▸ **TASK INSTRUCTIONS**: Pictures in the records below must be left out. Return exactly the lines from the line with "Our next stop" to the line with "Альбом для рисования", both included.

☆ ☆ ☆

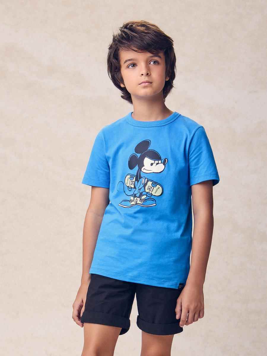Para meninos com espírito aventureiro! A camiseta azul traz o Mickey em versão skatista, com estampa estilizada e visual urbano. Peça perfeita para looks cheios de energia e atitude.
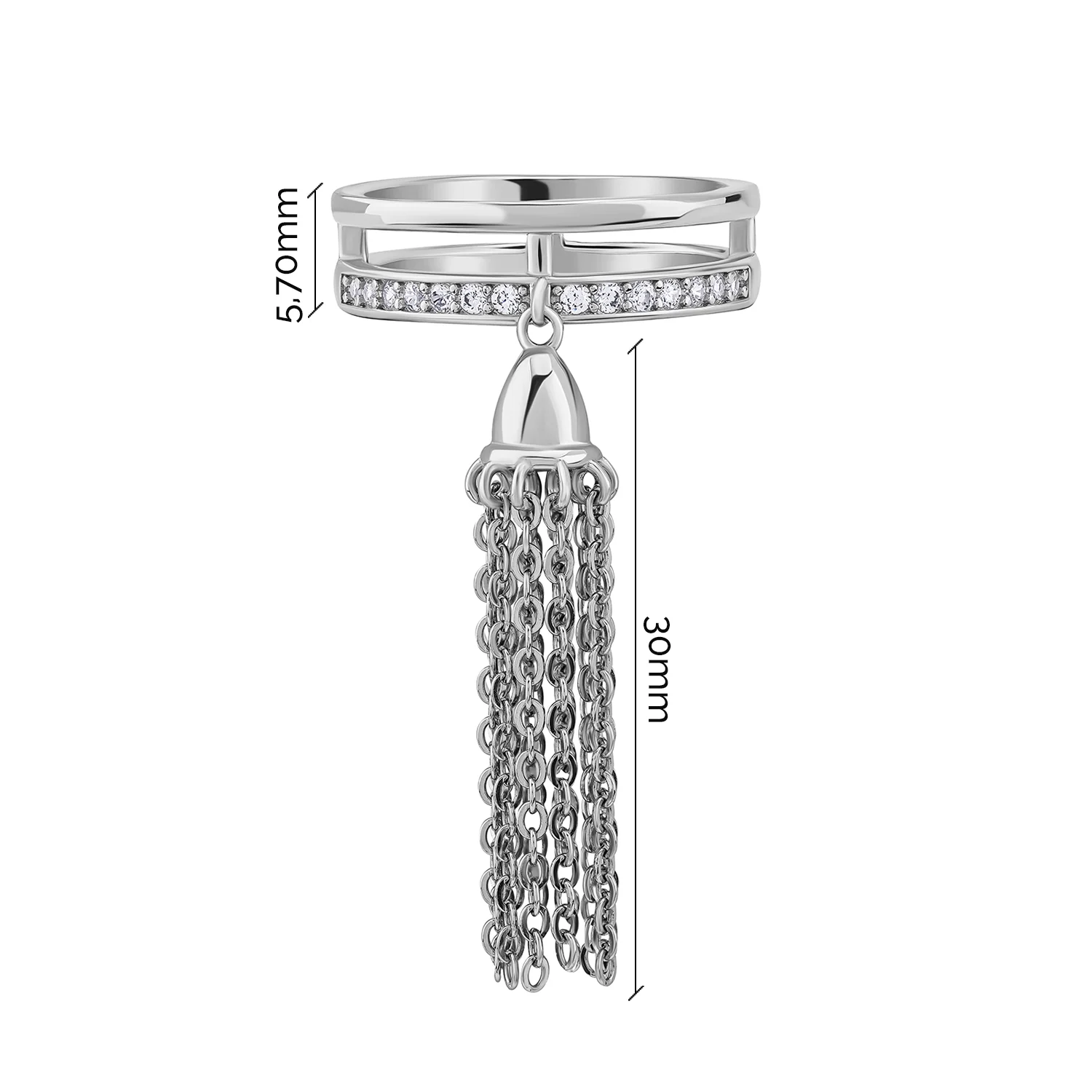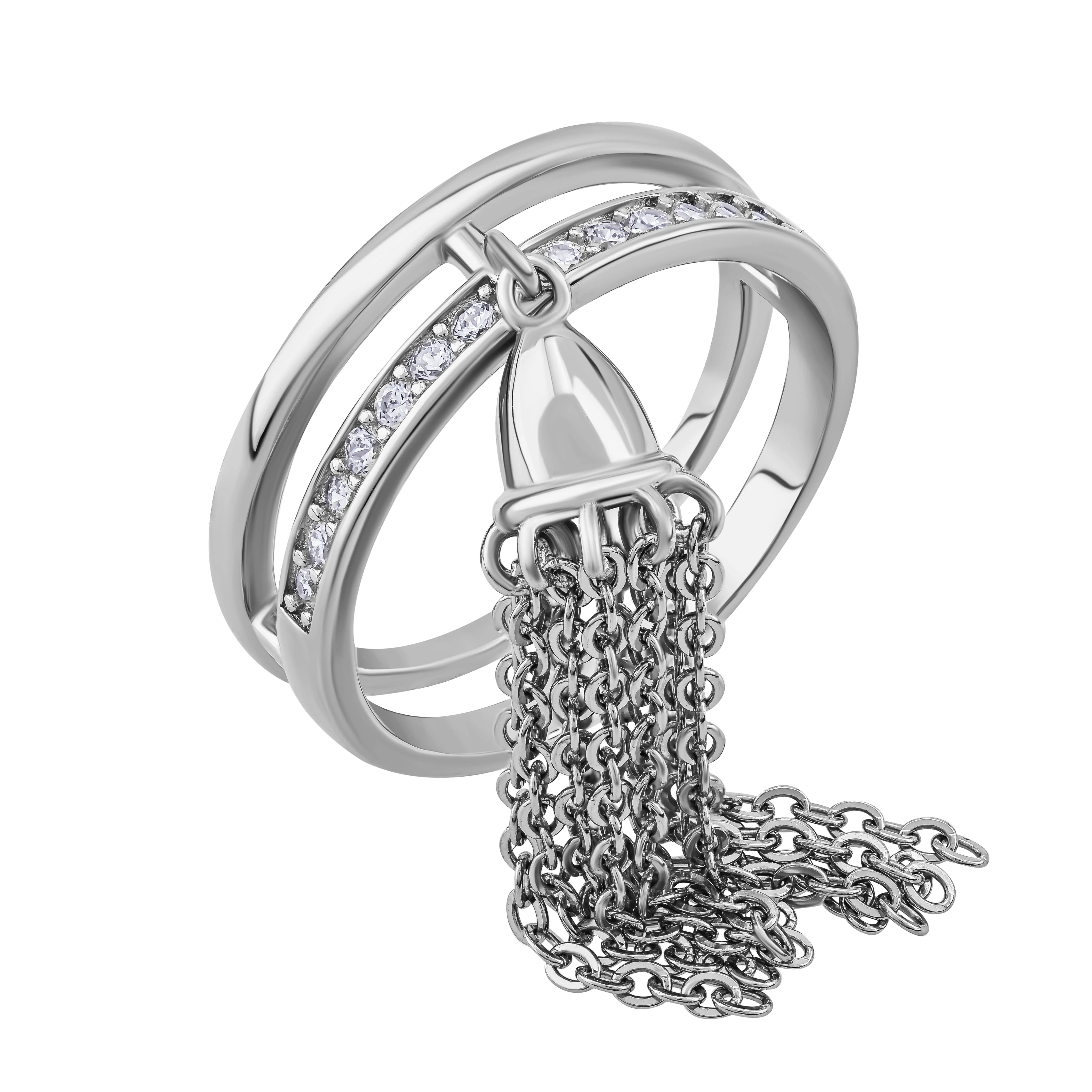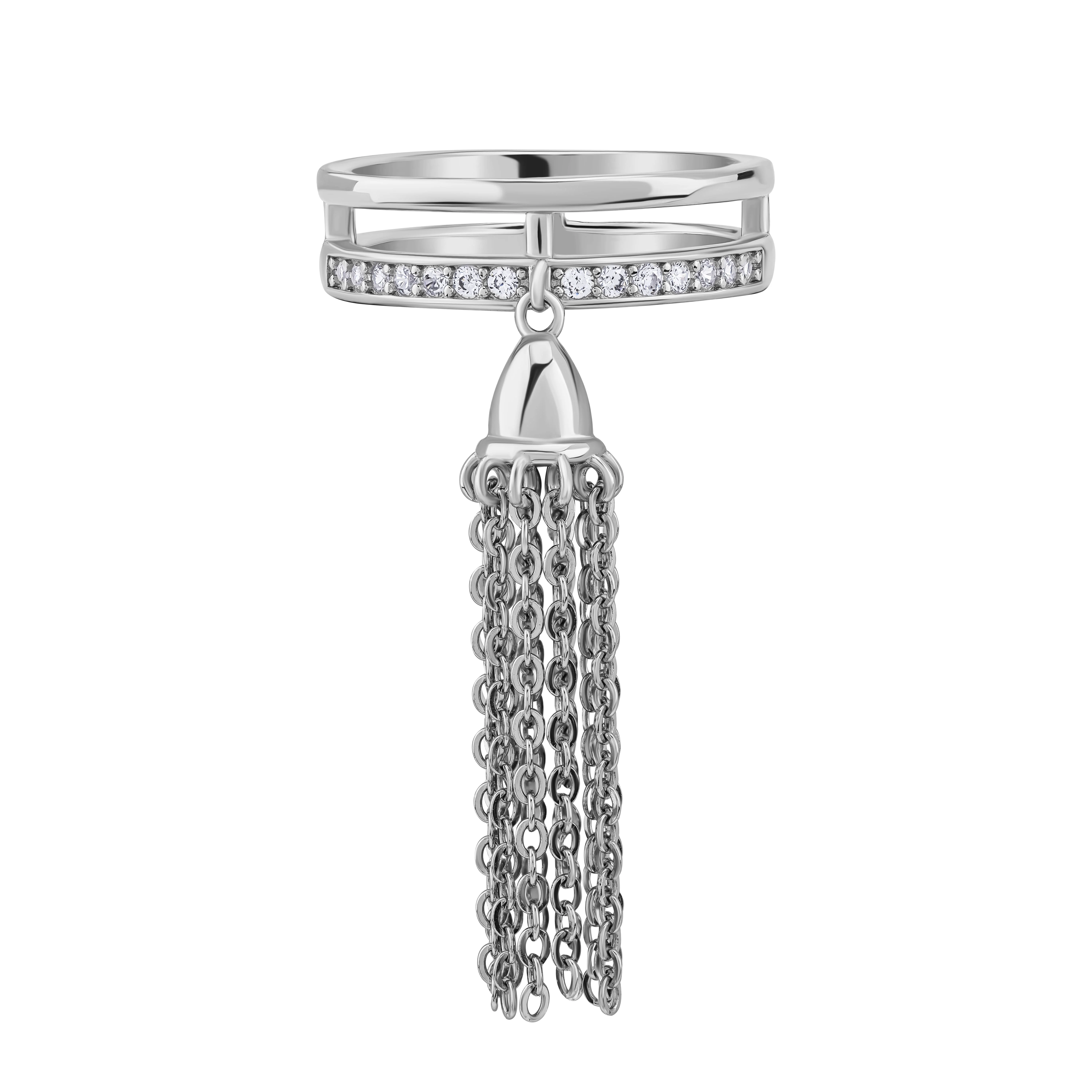Двойное серебряное кольцо с подвесом и дорожкой фианитов - 1974598
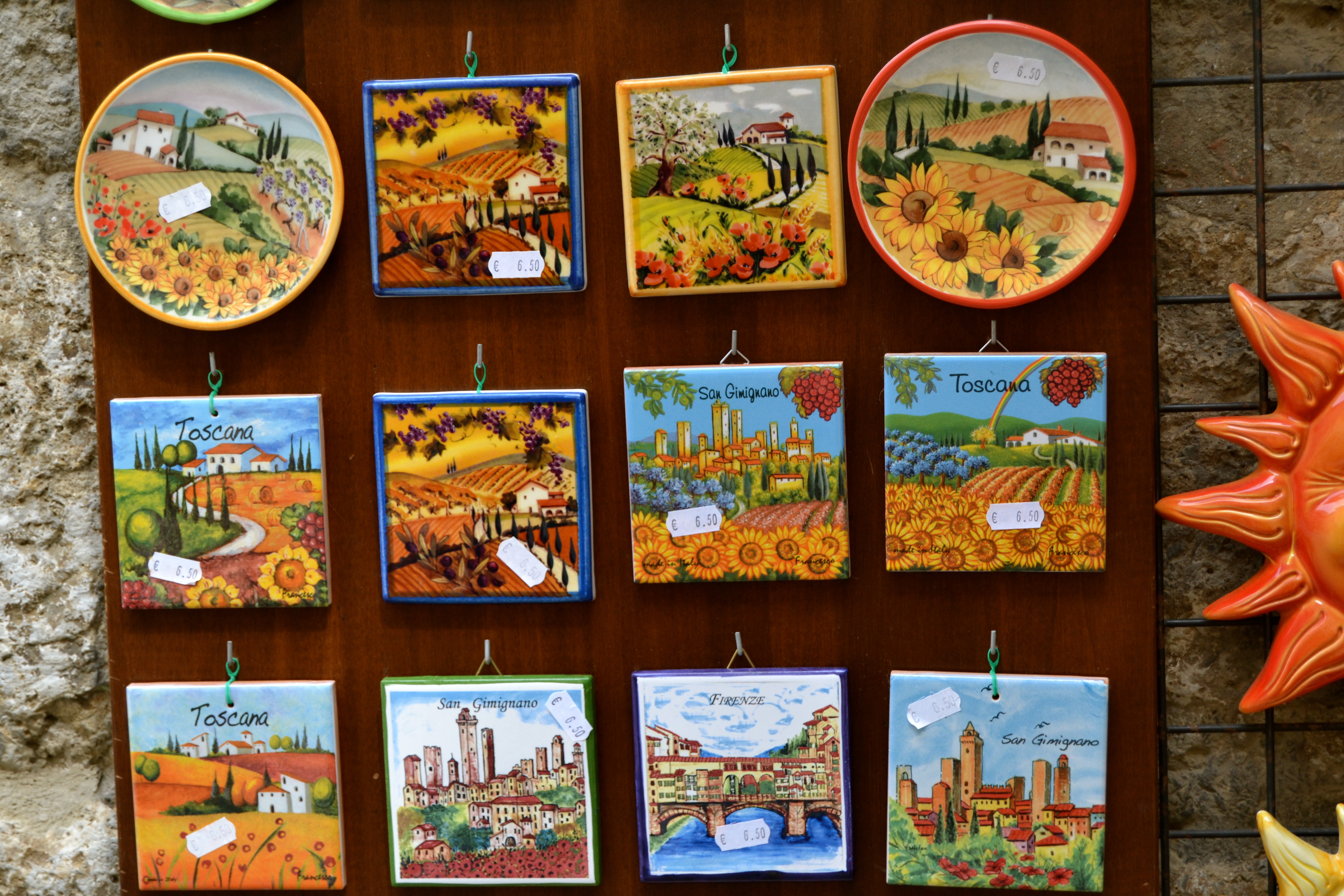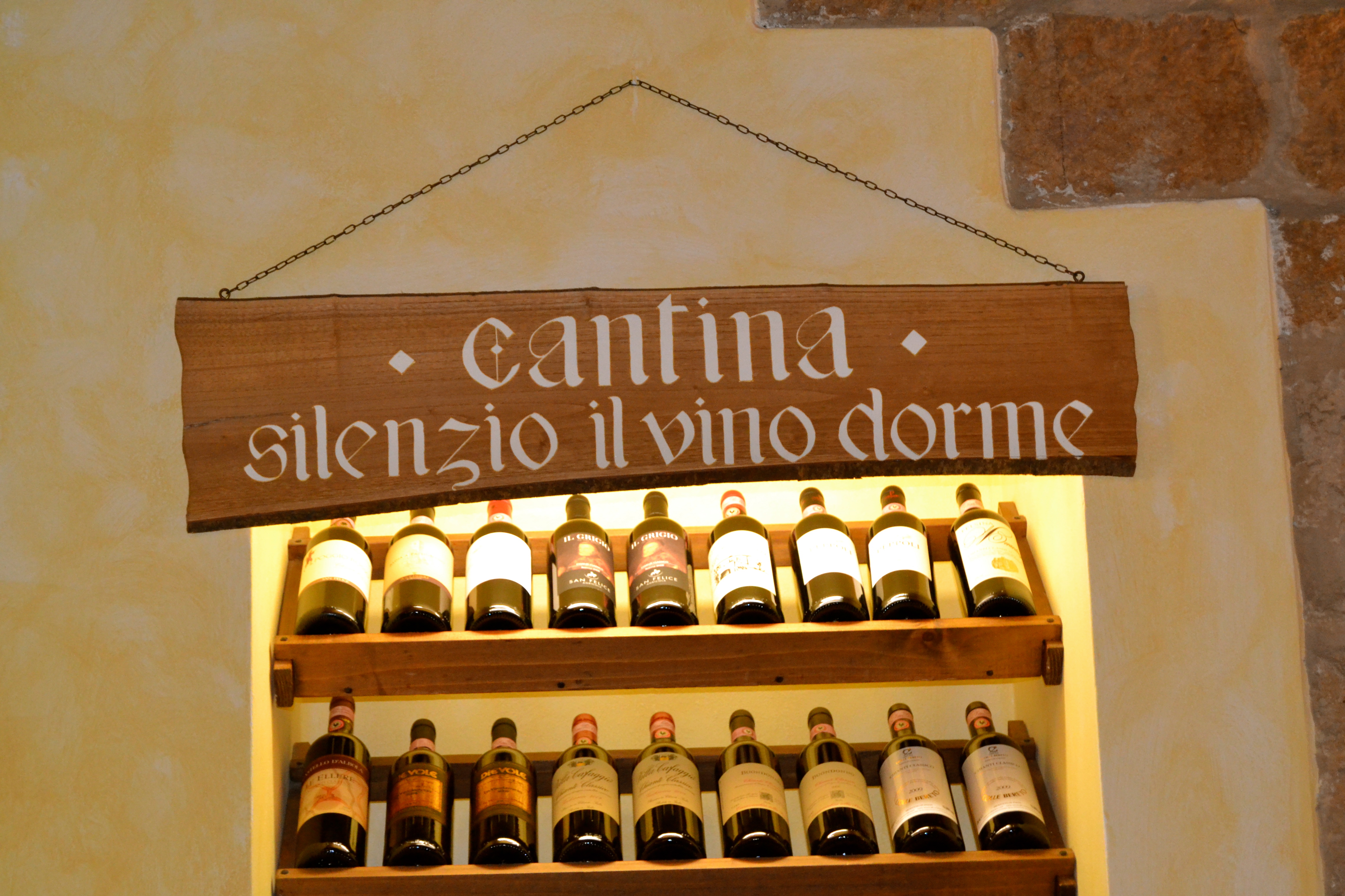 Our next stop was Volterra, a picturesque town that features views of the Mediterranean Sea (on a clear day). More than 2,000 years ago Volterra was a key trading center and one of the most important Etruscan cities. The city still boasts the oldest Etruscan gate (4th C BC!) still standing in the world. Artisans still craft items using alabaster, their stone of choice, and I picked up a cool alabaster wine stopper as a souvenir. For lunch, we ate at a wonderful cantina on a windy side street. it was here that we discovered one of our favorite Italian signs which I have had reproduced by my friend Paige for our ever-growing wine tasting room.
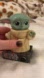 Charming Baby Yoda figure from Star Wars. Features a cute green and tan design. Perfect for young fans. As a button to press for the electronic voice and candy dispenser
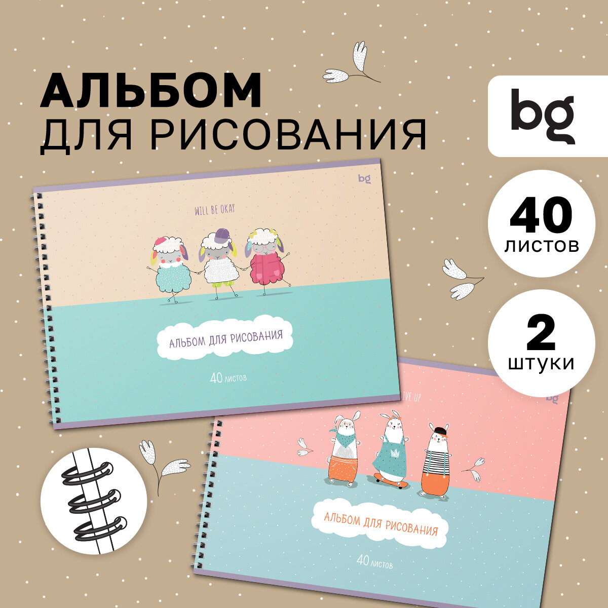 Альбом для рисования 40л, А4, на гребне BG "Веселая компания", 2 шт. информация:
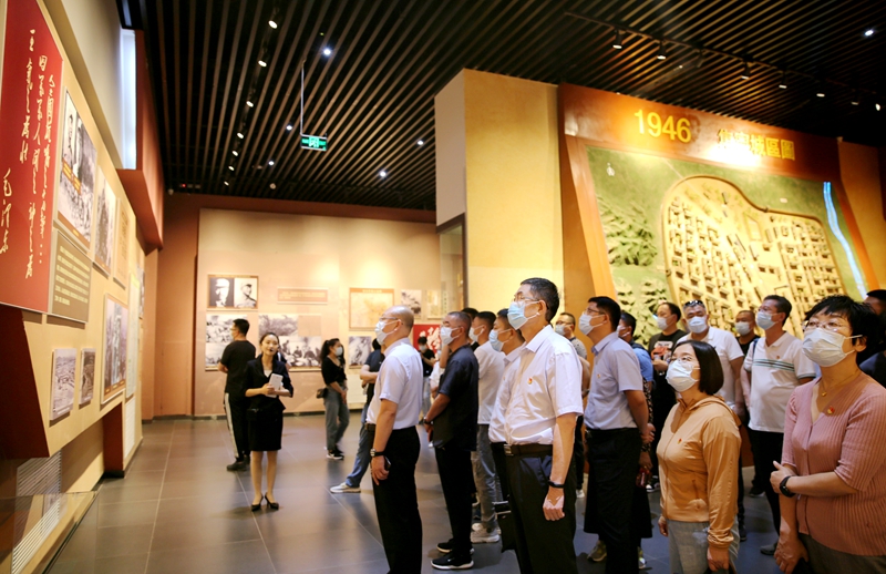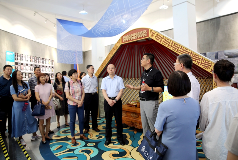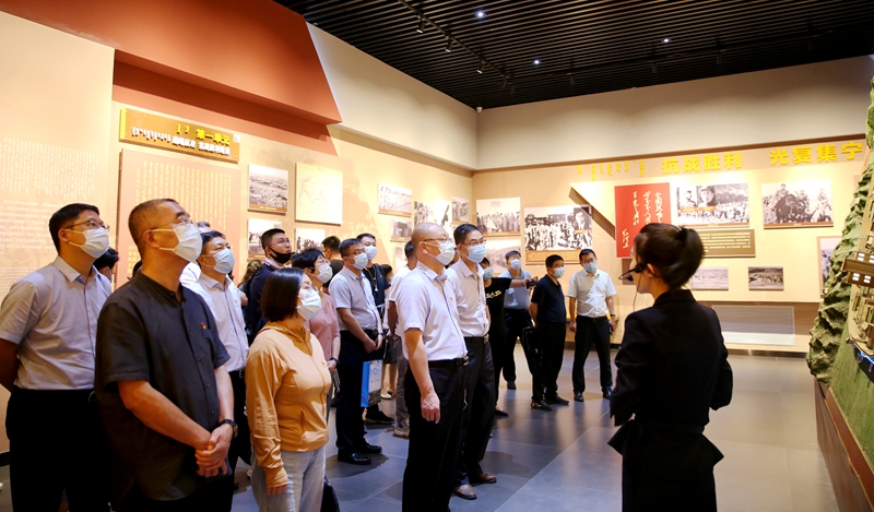 为深入学习贯彻习近平新时代中国特色社会主义思想,贯彻落实党的十九大和十九届二中、三中、四中、五中全会精神,扎实开展党史学习教育,进一步强化干部队伍干事创业、履职尽责、担当作为,培养造就忠诚干净担当的高素质干部队伍,提高干部的政治素质和履职能力,凝心聚力落实学校中心工作和各项建设任务,推动学校高质量发展,按照校党委关于暑假期间开展处科级干部重点培训工作的安排部署,校领导班子成员和处科级干部集体赴内蒙古师范大学国际设计艺术学院和乌兰察布市集宁战役馆、党史馆进行参观学习。

☆ ☆ ☆

▸ **EXPECTED OUTPUT**:
 Our next stop was Volterra, a picturesque town that features views of the Mediterranean Sea (on a clear day). More than 2,000 years ago Volterra was a key trading center and one of the most important Etruscan cities. The city still boasts the oldest Etruscan gate (4th C BC!) still standing in the world. Artisans still craft items using alabaster, their stone of choice, and I picked up a cool alabaster wine stopper as a souvenir. For lunch, we ate at a wonderful cantina on a windy side street. it was here that we discovered one of our favorite Italian signs which I have had reproduced by my friend Paige for our ever-growing wine tasting room.
 Charming Baby Yoda figure from Star Wars. Features a cute green and tan design. Perfect for young fans. As a button to press for the electronic voice and candy dispenser
 Альбом для рисования 40л, А4, на гребне BG "Веселая компания", 2 шт. информация:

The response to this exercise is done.